The input
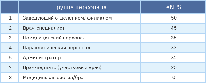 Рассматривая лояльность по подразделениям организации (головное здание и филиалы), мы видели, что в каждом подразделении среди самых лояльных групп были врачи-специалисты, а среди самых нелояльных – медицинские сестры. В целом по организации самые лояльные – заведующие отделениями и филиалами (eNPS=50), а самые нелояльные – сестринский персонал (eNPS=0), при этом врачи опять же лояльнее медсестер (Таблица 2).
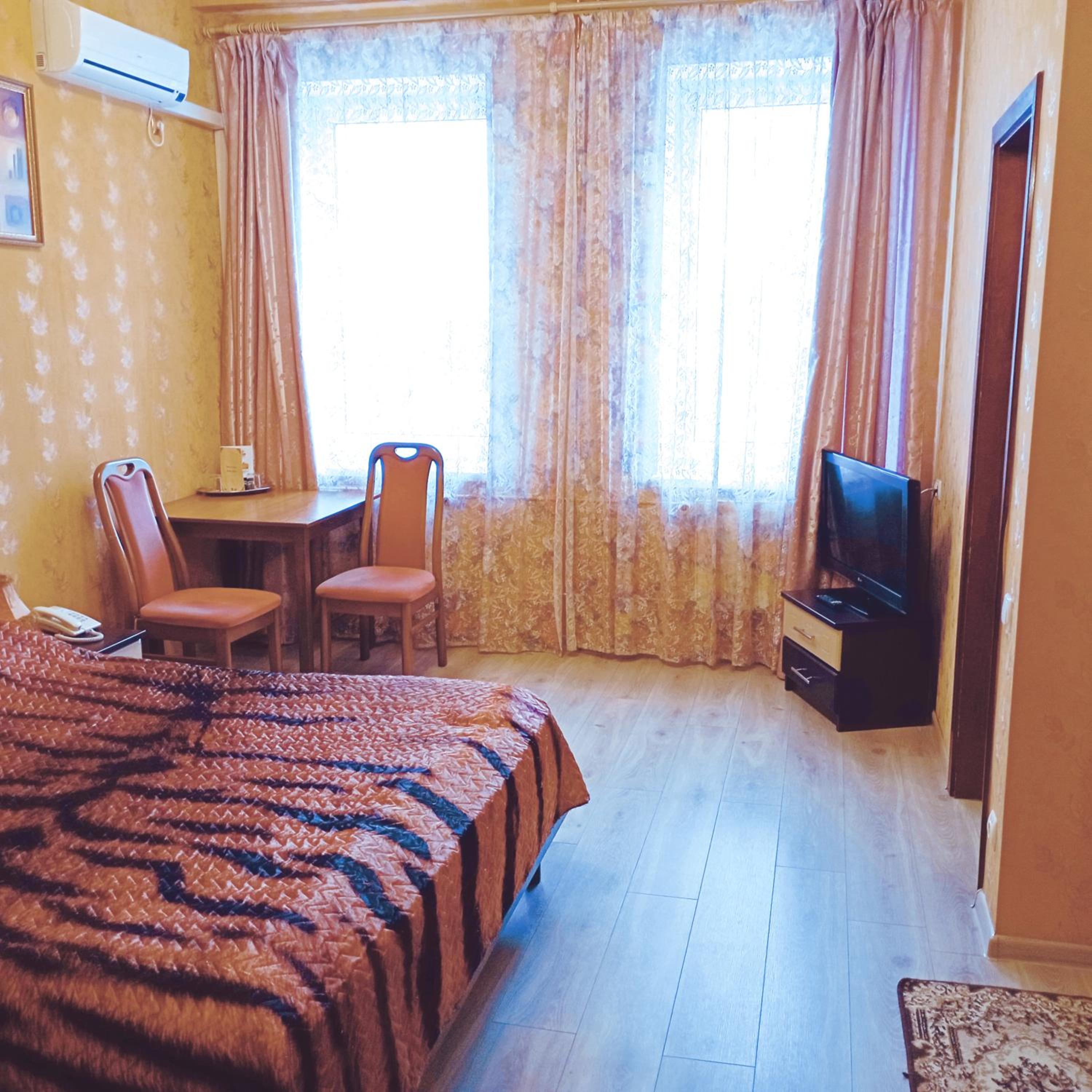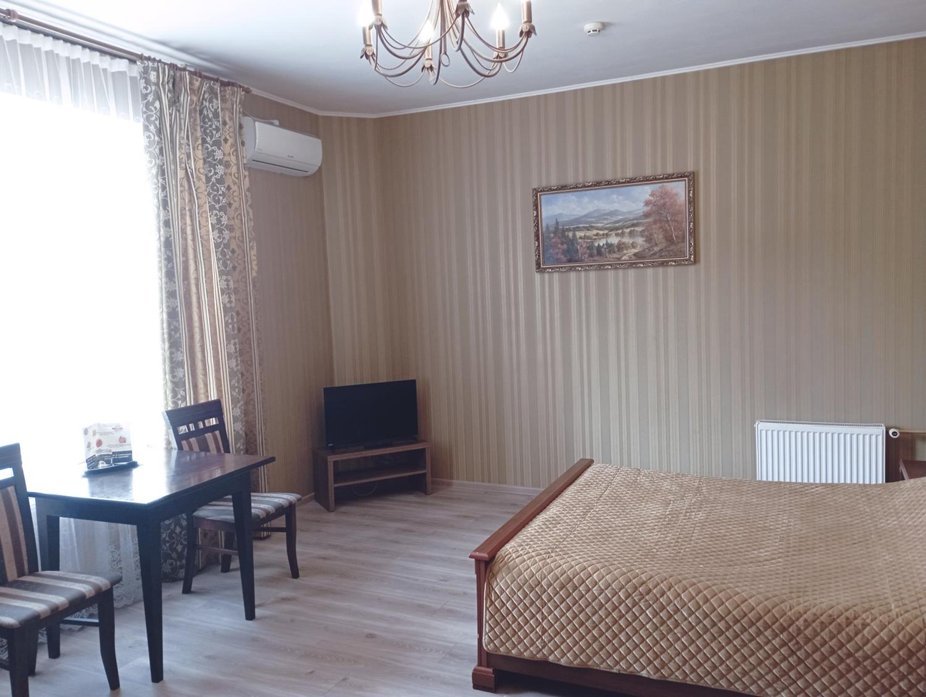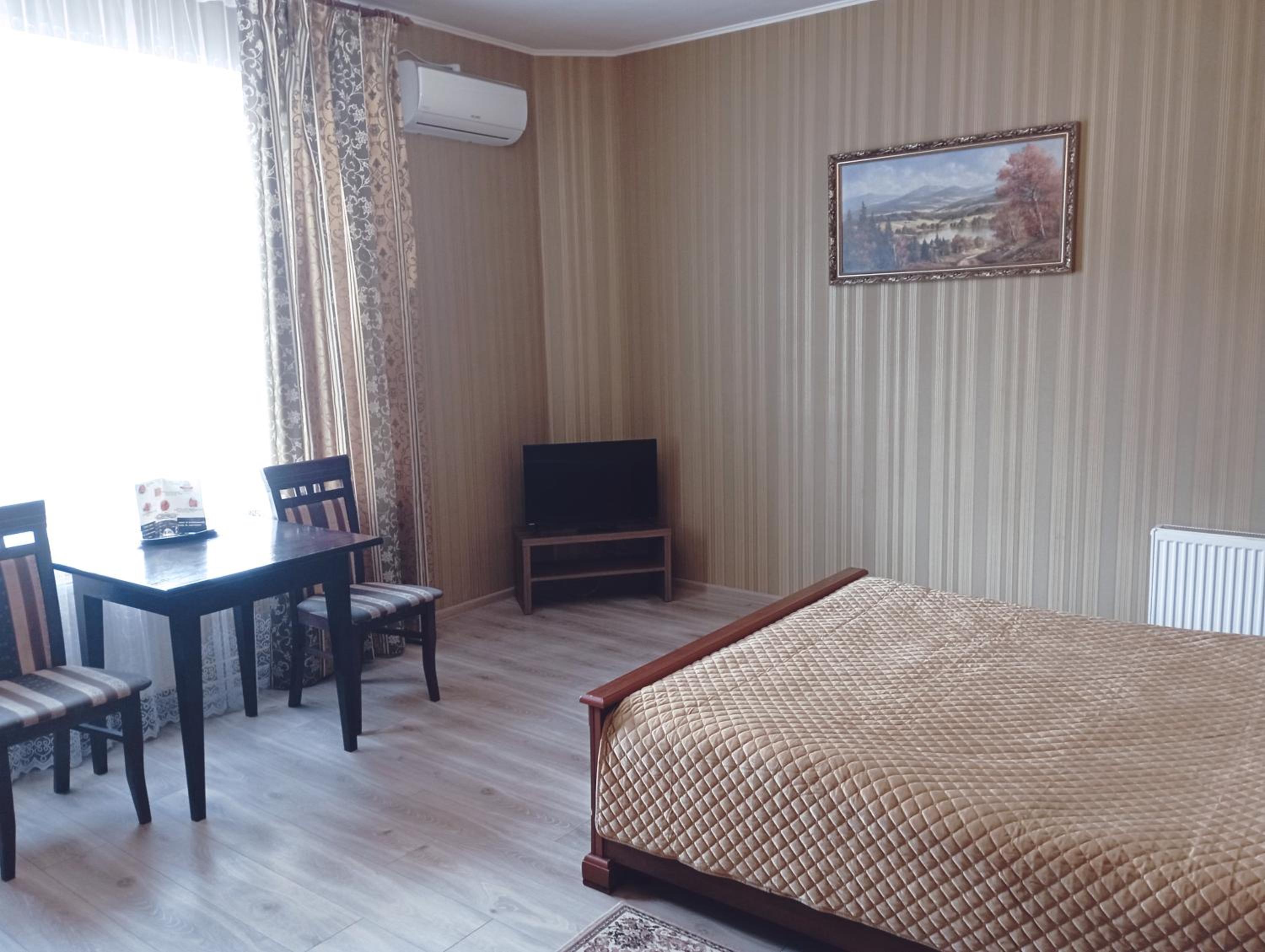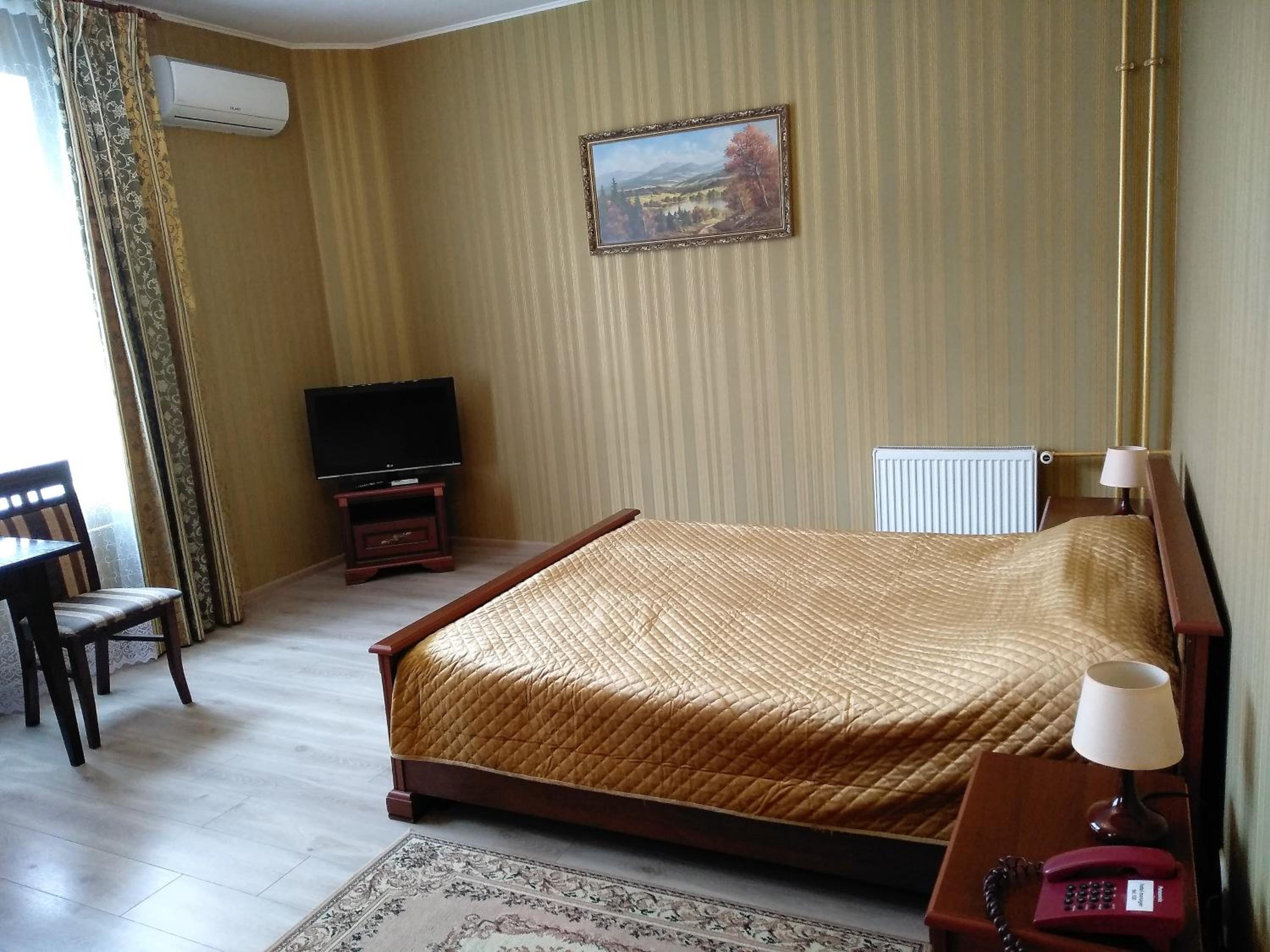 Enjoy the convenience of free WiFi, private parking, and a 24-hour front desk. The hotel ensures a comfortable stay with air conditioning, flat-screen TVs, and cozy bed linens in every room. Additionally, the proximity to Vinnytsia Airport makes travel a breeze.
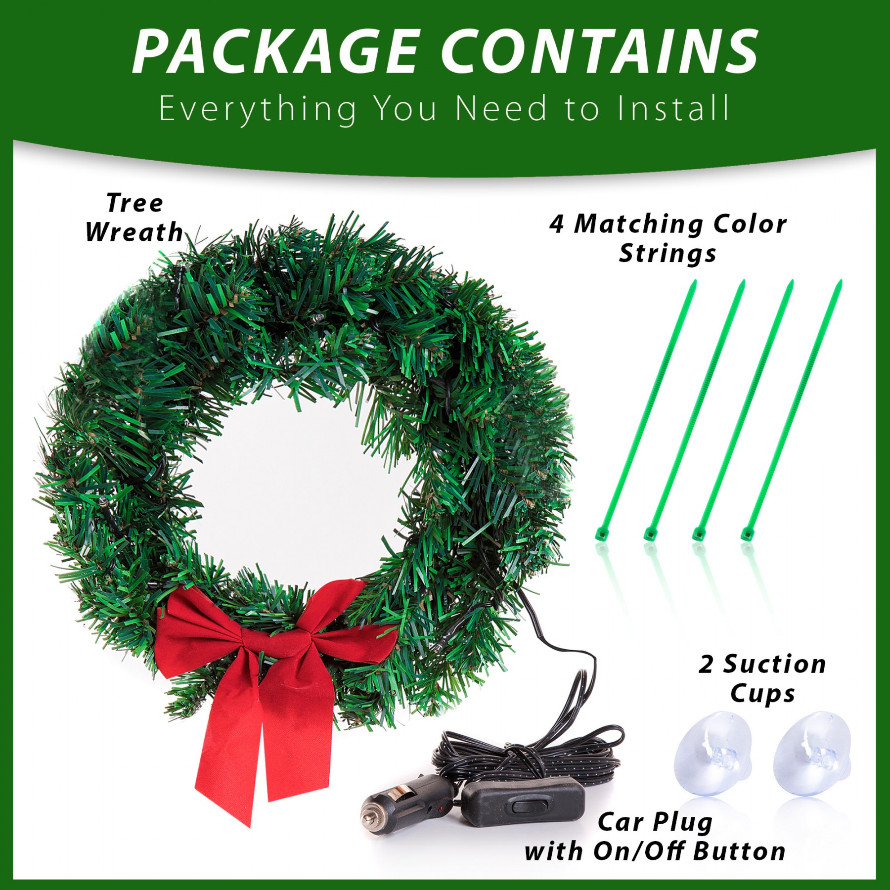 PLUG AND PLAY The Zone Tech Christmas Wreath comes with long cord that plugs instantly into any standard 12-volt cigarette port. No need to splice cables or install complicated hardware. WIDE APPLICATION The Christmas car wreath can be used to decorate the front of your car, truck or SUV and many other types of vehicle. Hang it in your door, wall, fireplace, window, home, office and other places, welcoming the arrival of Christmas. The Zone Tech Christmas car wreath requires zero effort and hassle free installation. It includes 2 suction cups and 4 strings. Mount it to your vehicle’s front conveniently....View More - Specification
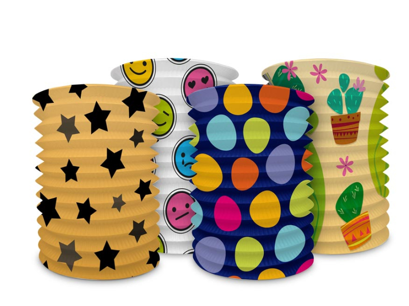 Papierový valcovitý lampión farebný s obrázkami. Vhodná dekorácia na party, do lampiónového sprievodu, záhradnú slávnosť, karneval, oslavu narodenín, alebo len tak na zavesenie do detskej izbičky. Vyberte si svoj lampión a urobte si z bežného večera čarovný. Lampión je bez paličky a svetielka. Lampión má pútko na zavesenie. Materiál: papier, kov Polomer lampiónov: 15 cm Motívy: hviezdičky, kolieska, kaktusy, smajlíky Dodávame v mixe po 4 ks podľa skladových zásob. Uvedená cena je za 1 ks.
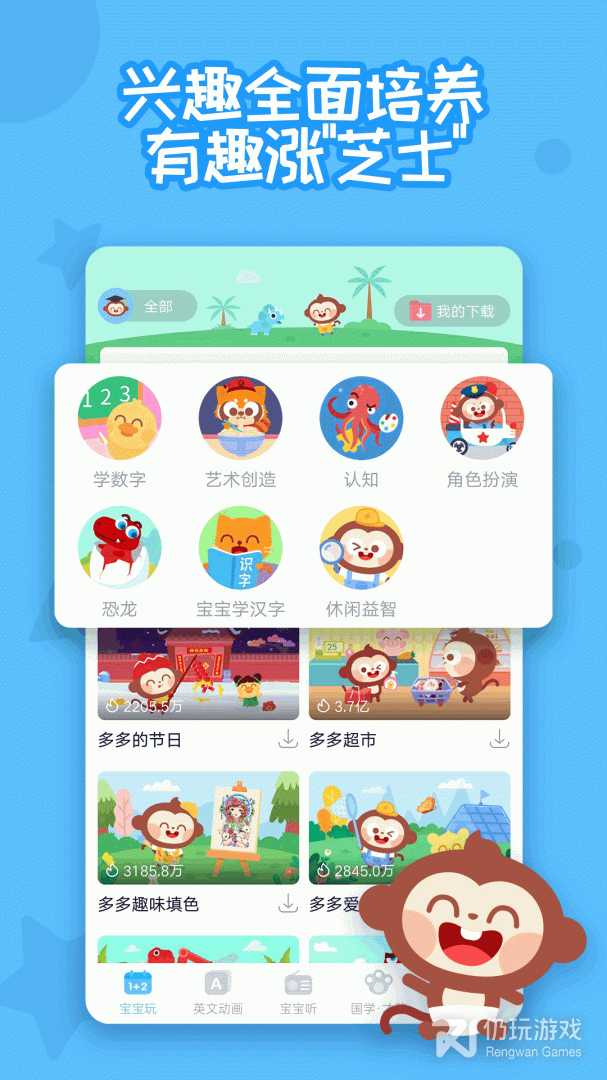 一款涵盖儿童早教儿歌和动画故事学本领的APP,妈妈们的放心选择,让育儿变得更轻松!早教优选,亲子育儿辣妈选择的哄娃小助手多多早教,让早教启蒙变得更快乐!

Task details
The task requires restating verbatim the lines from the one that holds "Papierový valcovitý lampión" through the end of the listing, both ends counted, and no pictures.

Reply
 Papierový valcovitý lampión farebný s obrázkami. Vhodná dekorácia na party, do lampiónového sprievodu, záhradnú slávnosť, karneval, oslavu narodenín, alebo len tak na zavesenie do detskej izbičky. Vyberte si svoj lampión a urobte si z bežného večera čarovný. Lampión je bez paličky a svetielka. Lampión má pútko na zavesenie. Materiál: papier, kov Polomer lampiónov: 15 cm Motívy: hviezdičky, kolieska, kaktusy, smajlíky Dodávame v mixe po 4 ks podľa skladových zásob. Uvedená cena je za 1 ks.
 一款涵盖儿童早教儿歌和动画故事学本领的APP,妈妈们的放心选择,让育儿变得更轻松!早教优选,亲子育儿辣妈选择的哄娃小助手多多早教,让早教启蒙变得更快乐!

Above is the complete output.